Something else that annoyed me even more about Mr. Freedman’s article was his later retort to the many, many articles telling him how wrong he was. While arguing on the internet is hardly productive anyway, his responses further show how little he really knows about modern thinking on nutrition. In particular, here is what he said to a nice response piece from Tom Philpott at Mother Jones:

It was really sad to see this piece. If any publication should have empathy for the plight of the unhealthy poor, you’d think it would be Mother Jones. But no, this was just a dopey, rote screed by an Atkinite, that small but incredibly loud cult of ultra-low-carbers who have become the LaRouchians of the dietary world. Calories don’t matter! Exercise doesn’t help! Eat all the fatty foods you want! It’s all about the carbs! The Atkinites like to claim that everyone else is stuck in the “low-fat craze” of the 1980s. They don’t like to mention that the low-carb craze dates to the 1860s. For the record: It’s best to trim both carbs and fat. Ask your doctor, or any obesity expert.

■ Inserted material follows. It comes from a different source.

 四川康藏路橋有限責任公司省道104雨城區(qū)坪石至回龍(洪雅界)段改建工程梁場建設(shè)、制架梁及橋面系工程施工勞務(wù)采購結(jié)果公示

NO NO NO NO NO. Tom Philpott says nothing about the Atkins diet. Instead, he points out REAL, MODERN research that shows how little eating fat correlates with being fat (this might turn out to be English’s most costly homonym). There is a wealth of modern evidence indicating that low carb diets work quite well (point 10 here has a nice, quick compilation of evidence from the last 10 years, while I can give you days of additional reading material. I recently enjoyed Denise Minger’s exhaustive  takedown of Forks over Knives, for one). Meanwhile, Mr. Freedman thinks we should just ask our doctor. Ugh. Is he trolling us at this point? As an expert on experts you’d think he would be aware how little ‘your doctor’ knows about nutrition. Or most things for that matter—that’s what specialists are for.

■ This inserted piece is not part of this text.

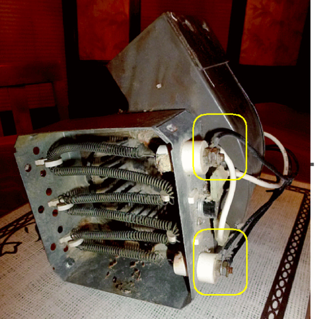 I examined the unit, noting where the two black wires from the motor connected to the heating wire assembly.

In fact the more I read the article the more it just seemed like a giant, thickly-veiled troll. For example:

 I finally hit the sweet spot just a few weeks later, in Chicago, with a delicious blueberry-pomegranate smoothie that rang in at a relatively modest 220 calories. It cost $3 and took only seconds to make. Best of all, I’ll be able to get this concoction just about anywhere. Thanks, McDonald’s! If only the McDonald’s smoothie weren’t, unlike the first two, so fattening and unhealthy. Or at least that’s what the most-prominent voices in our food culture today would have you believe.

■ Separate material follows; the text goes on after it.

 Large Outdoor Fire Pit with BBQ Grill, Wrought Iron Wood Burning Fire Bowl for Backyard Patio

You’re drinking a cup of sugar water. Maybe it has some remnant of fruit in it, but honestly I wouldn’t suggest eating non-organic berries anyway. And I’m sure Mr. Freedman knows it’s sugar water.  If he’s trying to claim that sugar water in smoothie form should cost $3 instead of $8 that’s fine by me. But when he’s trying to act like fast food enterprises have anything but profits in mind he’s quite mistaken. As I’ve mentioned above, your body is designed to detect calories, and if these companies don’t know this scientifically they know it from their profit margins. McDonald’s smoothies are a perfect example of this, in fact. Only 220 calories! Which means you’ll need to eat a bunch more of their food to feel full. And since it’s sugar, it’ll probably just make you more hungry anyway. But since it has the words ‘blueberry’, ‘pomegranate’ and ‘smoothie’ it hides under the guise of healthy. And I know HE knows this, so his point is completely moot. Maybe he was getting paid by the word?

I suppose that’s enough vitriol for now. I suggest a few blogs below who cite legitimate scientific studies and use their expertise to critique the modern literature. It’s not easy reading though, and as I said earlier with how complicated nutrition is the findings are often quite incremental. That said, modern techniques are starting to uncover some fascinating pieces here and there (e.g. here’s a great study on a direct link between eating red meat and accelerating heart disease), and unlike Mr. Freedman will have you believe, we’re making progress without having to resort to tricking ourselves into thinking we can trick our bodies into becoming thinner.

Stephan Guyenet’s site is a good source of well-referenced, science-based info.

Mark’s Daily Apple looks kind of ridiculous because the site is littered with pictures of him with his shirt off (my friends and I like to refer to it as Mark’s Daily Ab-shot) but the info is pretty legit and usually well-referenced.